- What the task requires
Leave the pictures out and quote only the lines from the one with "Adolph B. Spreckels" down to the end of the listing below.

- The data
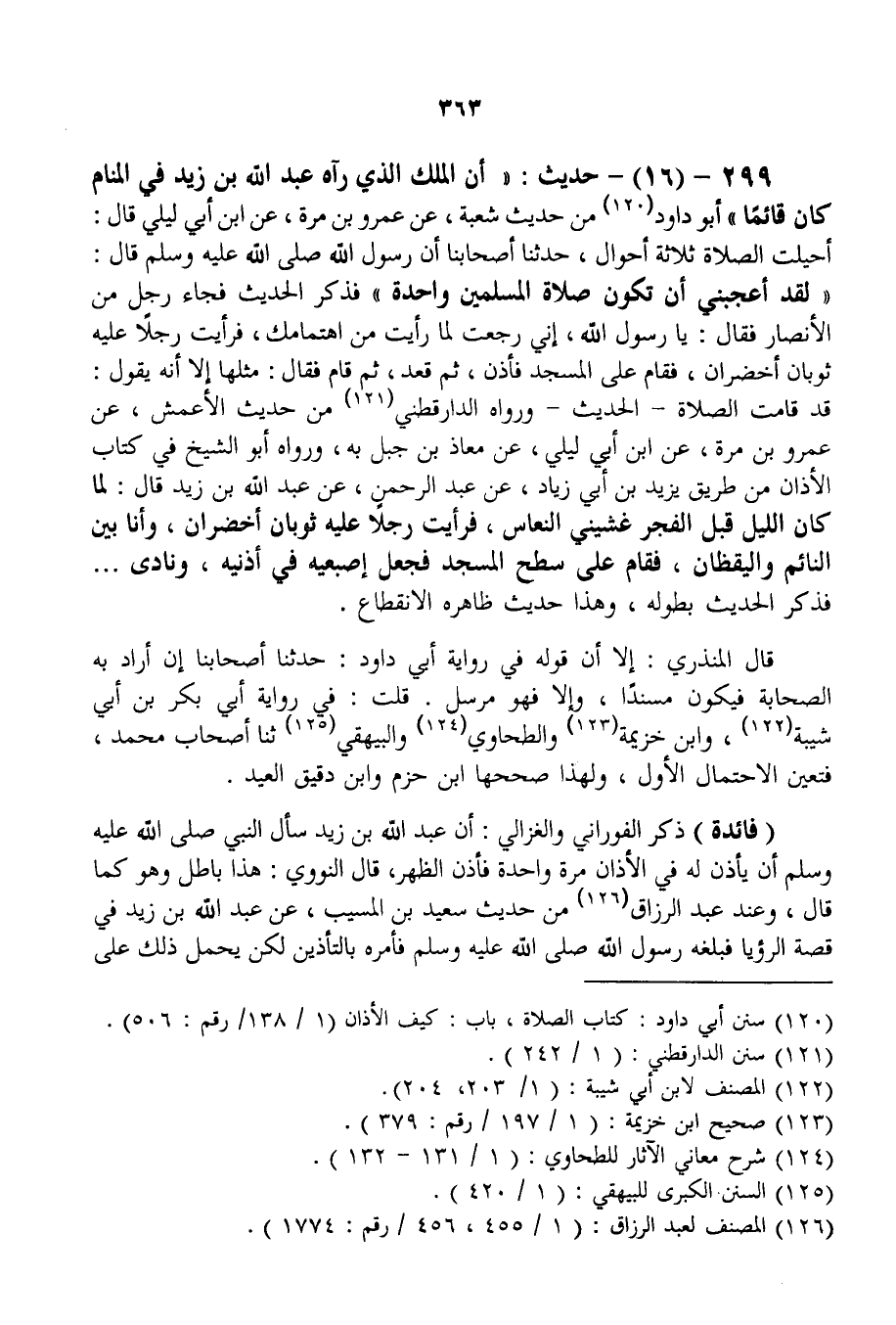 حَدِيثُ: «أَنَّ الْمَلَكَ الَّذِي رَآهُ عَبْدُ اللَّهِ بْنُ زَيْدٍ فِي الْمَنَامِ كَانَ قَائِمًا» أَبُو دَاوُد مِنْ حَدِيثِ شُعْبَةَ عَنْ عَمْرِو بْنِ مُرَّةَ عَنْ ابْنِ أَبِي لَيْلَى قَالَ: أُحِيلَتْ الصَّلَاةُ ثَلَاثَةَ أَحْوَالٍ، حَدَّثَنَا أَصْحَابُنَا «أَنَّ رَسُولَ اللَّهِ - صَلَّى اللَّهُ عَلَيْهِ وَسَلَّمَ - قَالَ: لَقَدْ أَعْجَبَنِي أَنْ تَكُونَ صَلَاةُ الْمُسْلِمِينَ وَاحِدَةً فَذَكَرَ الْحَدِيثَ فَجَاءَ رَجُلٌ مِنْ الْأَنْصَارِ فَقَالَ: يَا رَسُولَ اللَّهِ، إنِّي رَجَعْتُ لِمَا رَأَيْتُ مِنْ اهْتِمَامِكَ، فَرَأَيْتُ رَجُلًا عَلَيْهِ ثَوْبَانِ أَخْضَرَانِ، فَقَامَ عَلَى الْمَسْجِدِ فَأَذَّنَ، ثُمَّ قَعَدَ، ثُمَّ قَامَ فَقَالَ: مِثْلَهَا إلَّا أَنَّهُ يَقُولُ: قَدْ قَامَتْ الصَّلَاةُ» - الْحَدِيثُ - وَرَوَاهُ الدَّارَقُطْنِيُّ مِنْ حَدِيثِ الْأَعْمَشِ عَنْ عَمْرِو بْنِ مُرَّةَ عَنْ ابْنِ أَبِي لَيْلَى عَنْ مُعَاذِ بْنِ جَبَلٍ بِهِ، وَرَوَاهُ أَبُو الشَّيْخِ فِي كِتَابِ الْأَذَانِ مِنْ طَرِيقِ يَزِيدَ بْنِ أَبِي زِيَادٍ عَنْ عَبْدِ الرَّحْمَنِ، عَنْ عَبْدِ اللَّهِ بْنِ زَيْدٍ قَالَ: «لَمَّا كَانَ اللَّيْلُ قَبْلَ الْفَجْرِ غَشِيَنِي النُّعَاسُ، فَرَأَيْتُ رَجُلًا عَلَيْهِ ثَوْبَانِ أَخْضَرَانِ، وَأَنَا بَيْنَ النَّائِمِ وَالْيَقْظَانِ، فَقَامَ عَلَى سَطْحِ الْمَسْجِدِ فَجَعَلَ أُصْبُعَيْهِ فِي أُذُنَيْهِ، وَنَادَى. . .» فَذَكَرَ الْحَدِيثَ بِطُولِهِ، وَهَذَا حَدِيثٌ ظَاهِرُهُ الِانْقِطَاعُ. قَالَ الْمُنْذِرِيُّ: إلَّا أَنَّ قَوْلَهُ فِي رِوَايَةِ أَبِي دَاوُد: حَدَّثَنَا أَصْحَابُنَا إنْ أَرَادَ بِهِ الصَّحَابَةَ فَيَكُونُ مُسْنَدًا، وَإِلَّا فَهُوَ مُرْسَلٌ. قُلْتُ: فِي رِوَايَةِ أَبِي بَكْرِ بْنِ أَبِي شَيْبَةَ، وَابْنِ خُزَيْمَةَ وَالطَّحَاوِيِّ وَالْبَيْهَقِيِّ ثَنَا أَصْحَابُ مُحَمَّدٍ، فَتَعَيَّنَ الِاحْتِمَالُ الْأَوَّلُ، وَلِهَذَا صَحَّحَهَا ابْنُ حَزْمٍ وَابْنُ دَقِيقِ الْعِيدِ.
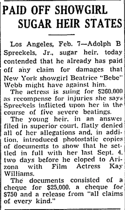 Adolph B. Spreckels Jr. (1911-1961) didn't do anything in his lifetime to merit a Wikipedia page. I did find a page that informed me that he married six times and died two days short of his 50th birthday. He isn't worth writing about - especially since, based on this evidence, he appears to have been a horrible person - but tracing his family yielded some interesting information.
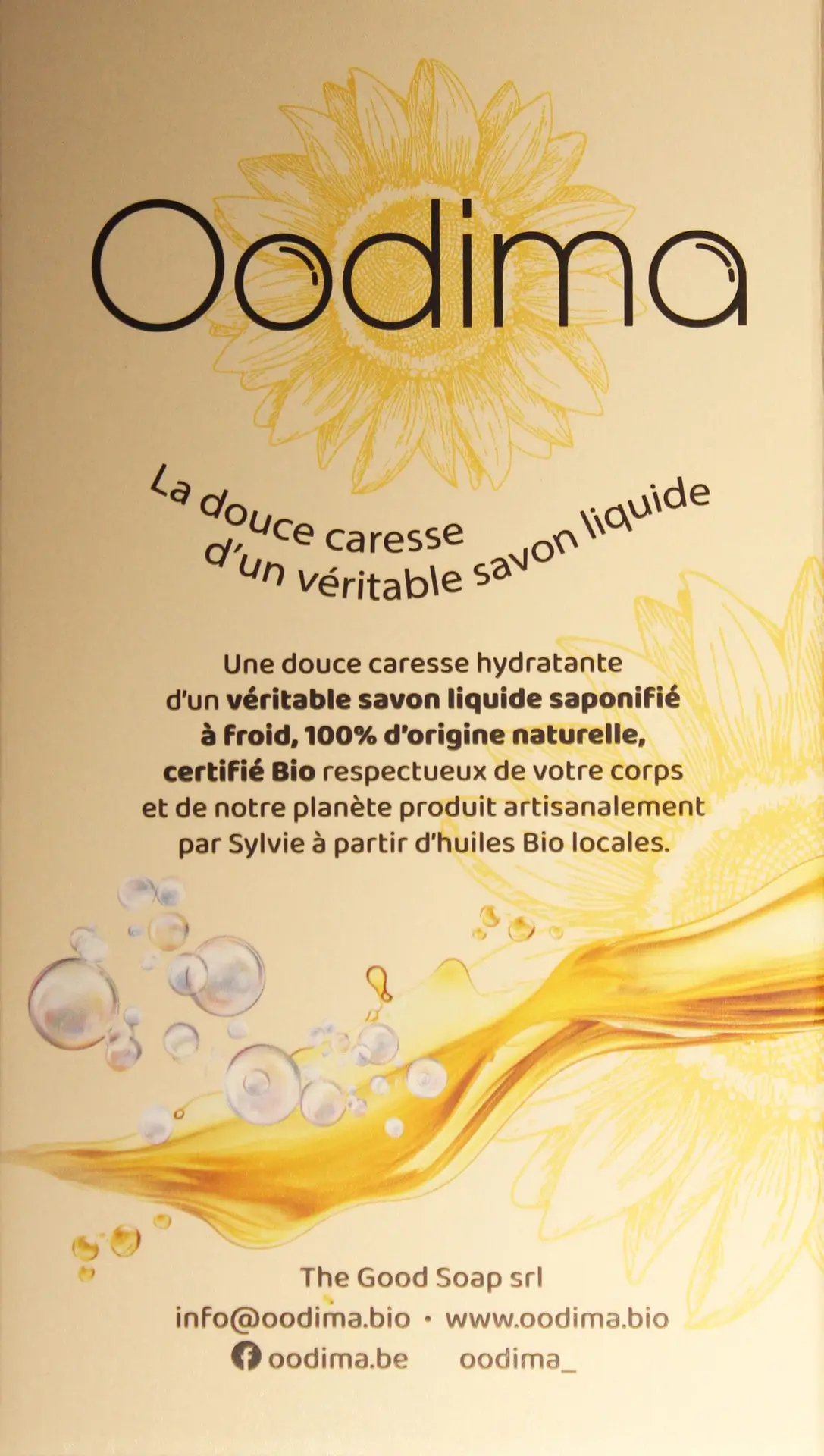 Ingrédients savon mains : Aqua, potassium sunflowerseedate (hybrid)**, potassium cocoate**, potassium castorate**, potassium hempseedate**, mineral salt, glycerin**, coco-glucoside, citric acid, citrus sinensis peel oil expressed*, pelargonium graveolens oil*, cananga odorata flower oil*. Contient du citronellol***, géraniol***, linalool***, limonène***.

- Written solution
 Adolph B. Spreckels Jr. (1911-1961) didn't do anything in his lifetime to merit a Wikipedia page. I did find a page that informed me that he married six times and died two days short of his 50th birthday. He isn't worth writing about - especially since, based on this evidence, he appears to have been a horrible person - but tracing his family yielded some interesting information.
 Ingrédients savon mains : Aqua, potassium sunflowerseedate (hybrid)**, potassium cocoate**, potassium castorate**, potassium hempseedate**, mineral salt, glycerin**, coco-glucoside, citric acid, citrus sinensis peel oil expressed*, pelargonium graveolens oil*, cananga odorata flower oil*. Contient du citronellol***, géraniol***, linalool***, limonène***.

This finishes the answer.